I didn’t have any experience with clear mascara, so I thought I’d take a journey and share the results with you.

The Tl;dr is this: they say clear mascara enhances your lashes in a natural-looking way and that it can also be used as brow gel and flyaway tamer. My experience is that it did these things only negligibly. And I wound up feeling that clear mascara is a waste of money.

Before we get into how each individual thing I tried, let me share a pro and con list of clear mascara.

A picture of clear Great Lash from Maybelline
In all its see-through glory.

The Pros of Clear Mascara

Though I found clear mascara to be a bit of a flop, there were a few pros:

  • Clear mascara does have volumizing properties. Your lashes and brows will look slightly thicker.
  • Clear mascara is wet looking. Think of how people’s lashes look right after getting out of the pool. They’re slightly darker and easier to see. That’s because the shine of wetness reflects light and highlights the lashes.

The Cons of Clear Mascara

Sometimes there really are cons to clear mascara, like the ingredient denatured alcohol. But for the most part, my gripe is that clear mascara is simply a nothingburger. Here are a few reasons why:

  • The effect it has on your eyelashes/brows vs no product at all isn’t very different.
  • The hold it has on hairs is weak. Using clear mascara as a holding substance when there are so many great brow gels, not to mention the option of soap brows (or hairspray for flyaways), that could do the job…well, there’s just no reason to settle.
  • It makes your lashes stick together, giving them the opposite of definition.
  • Many drugstore formulas contain denatured alcohol. This harsh, drying ingredient is a no-no for skin and hair. If you really are set on finding a clear mascara, try Essence’s Lash and Brow Gel Mascara or The Body Shop’s Brow and Lash Gel—they lack this ingredient.

How My Experience Went

I tried Maybelline’s Great Lash in clear on my eyelashes, eyebrows, and flyaways. Let’s discuss the eyelashes and brows first.

Eyelashes and Brows

a picture of my eyes and brows, one side with clear mascara, the other with nothing
There’s clear mascara on the left eye and brow and no product on the right side.

As you can see, the wetness made the lashes look darker and made some of my bottom lashes look longer. But what we gain there, we lose in definition. Frankly, I like the fluffy look of my natural lashes better than the sticky look of the clear mascara side.

As for brows, I did notice the clear mascara side looking slightly darker and fuller, but I don’t know that the difference is marked enough to buy an $8 tube of transparent goo that didn’t prove to have a lot of hold.

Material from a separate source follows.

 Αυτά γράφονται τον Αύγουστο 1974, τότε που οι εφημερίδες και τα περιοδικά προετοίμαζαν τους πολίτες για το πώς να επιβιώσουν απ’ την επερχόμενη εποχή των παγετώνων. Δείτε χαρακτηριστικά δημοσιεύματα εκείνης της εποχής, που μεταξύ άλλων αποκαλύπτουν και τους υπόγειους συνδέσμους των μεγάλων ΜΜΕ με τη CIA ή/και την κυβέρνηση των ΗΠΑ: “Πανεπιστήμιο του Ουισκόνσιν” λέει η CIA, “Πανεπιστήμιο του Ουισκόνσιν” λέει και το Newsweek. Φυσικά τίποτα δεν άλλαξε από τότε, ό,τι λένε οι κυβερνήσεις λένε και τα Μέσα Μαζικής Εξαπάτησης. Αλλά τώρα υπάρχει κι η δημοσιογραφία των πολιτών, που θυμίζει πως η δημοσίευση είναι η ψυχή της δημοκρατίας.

Clear mascara worked for my flyaways…for awhile. It was a little wet and gel-like at first, and you can’t really control the amount of product you put in, which can get kind of gross. But after a few minutes, I couldn’t feel it there anymore. So that’s good.

My gripe here is that it didn’t hold any better than hairspray or hair gel applied with a toothbrush. In fact, after a half hour in the blustery, hurricane-season outdoors in the Florida Keys, I found the flyaways flying right back away.

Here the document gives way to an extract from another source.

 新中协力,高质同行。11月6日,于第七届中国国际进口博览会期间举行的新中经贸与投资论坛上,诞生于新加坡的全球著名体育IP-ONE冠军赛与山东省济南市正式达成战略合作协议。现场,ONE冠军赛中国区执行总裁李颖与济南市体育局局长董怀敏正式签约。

If you already have hairspray laying around, why spend money on this tube and gloopy brush that’s not even designed for such a thing when you could have something so superior in hold?

Clear Mascara Was a Disappointment for Me

So, what does clear mascara do? Not a heck of a lot.

Maybe you’ll find that clear mascara works for you. It didn’t for me, though. Give me my pigmented mascaras and my soap for brows. I’m not interested in results that just make me think “meh” when there are so many perfectly natural-looking mascaras out there, like Lancôme’s Définicils , IT Cosmetic’s Tightline, and CoverGirl’s Clump Crusher. One coat of these, and your lashes look defined and dark but not like you’re wearing mascara. And for brows and flyaways, there are products with better hold out there.